It is not disputed that petitioner had advised the System in 1963 of his change of address and had received various other communications from respondent’s office addressed to his correct address. Upon reaching 55, petitioner applied for retirement and was then advised of his ineligibility due to a lack of credit for his initial 148 days of work and that the opportunity to purchase the credit had ceased since he was no longer a member of the System.

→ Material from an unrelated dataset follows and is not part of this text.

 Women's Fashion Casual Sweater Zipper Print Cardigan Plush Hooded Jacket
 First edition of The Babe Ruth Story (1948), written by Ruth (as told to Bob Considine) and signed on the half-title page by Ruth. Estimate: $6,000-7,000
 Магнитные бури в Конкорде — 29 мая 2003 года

The issue before us is whether the System improperly denied petitioner retirement benefits. We hold on the authority of Matter of Galanthay v New York State Teachers’ Retirement Sys. (50 NY2d 984) that it did not. We reiterate the position espoused by this court in Matter of Boudreau v Levitt *937(67 AD2d 1053, 1054, Iv denied 47 NY2d 706) that "[t]he doctrine of estoppel will not reach so far as to hold an individual eligible for vested retirement where by statute, he clearly does not qualify for such eligibility”. Petitioner failed to purchase the optional time available to him so as to fulfill the 10-year period required for the vesting of his pension and he therefore does not qualify for retirement benefits.

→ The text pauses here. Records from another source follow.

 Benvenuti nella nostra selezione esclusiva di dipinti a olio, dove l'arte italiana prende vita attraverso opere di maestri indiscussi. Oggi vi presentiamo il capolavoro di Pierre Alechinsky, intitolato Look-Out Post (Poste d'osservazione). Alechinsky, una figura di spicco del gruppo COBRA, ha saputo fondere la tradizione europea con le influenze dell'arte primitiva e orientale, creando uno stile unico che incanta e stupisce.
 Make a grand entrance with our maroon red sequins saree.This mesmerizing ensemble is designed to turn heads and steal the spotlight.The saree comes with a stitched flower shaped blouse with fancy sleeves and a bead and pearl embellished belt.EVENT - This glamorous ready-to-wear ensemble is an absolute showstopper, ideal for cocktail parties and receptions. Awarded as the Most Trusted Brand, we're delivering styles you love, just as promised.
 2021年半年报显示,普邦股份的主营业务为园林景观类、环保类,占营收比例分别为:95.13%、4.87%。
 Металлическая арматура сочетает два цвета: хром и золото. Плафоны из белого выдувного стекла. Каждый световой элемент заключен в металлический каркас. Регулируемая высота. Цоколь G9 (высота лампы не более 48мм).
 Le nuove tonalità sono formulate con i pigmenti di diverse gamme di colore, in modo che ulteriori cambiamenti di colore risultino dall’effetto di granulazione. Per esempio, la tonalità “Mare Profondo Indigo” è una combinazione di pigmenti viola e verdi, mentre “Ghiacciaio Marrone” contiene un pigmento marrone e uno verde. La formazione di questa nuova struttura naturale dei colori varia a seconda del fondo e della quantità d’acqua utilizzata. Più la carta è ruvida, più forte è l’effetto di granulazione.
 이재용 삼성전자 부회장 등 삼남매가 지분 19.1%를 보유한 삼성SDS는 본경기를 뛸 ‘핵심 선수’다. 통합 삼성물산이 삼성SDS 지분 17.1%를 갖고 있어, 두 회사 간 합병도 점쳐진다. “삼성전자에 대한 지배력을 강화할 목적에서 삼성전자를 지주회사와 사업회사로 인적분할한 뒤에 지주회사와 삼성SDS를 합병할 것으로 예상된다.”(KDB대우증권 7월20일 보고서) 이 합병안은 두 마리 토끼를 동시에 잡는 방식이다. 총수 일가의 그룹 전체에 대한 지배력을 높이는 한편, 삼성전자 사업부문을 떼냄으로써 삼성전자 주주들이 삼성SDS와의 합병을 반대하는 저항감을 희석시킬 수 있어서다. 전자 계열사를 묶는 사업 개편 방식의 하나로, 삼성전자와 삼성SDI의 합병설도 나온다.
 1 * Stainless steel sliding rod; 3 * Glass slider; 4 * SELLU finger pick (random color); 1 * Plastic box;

We hold that the System is not responsible for petitioner’s ineligibility. It is an established principle that "the System is not estopped by erroneous acts of its administrative employees” (Matter of Newcomb v New York State Teachers’ Retirement Sys., 43 AD2d 353, 356, affd 36 NY2d 953). Notwithstanding the statements made by employees of the System that petitioner’s pension rights had vested, petitioner’s entitlement to a pension had not legally done so.

Neither do the misdirected letters lend support to petitioner’s position that the System should be estopped from denying him pension benefits. At best, the first letter would have alerted him that something was amiss and perhaps would have led him to reinquire as to his eligibility within an eligible time frame to purchase enough time for vesting. However, failure to receive that letter does not give rise to reliance on which estoppel may be premised. The System had no statutory obligation to formally notify petitioner of the termination of his membership. We thus conclude that the determination that petitioner was not entitled to retirement benefits is supported by substantial evidence.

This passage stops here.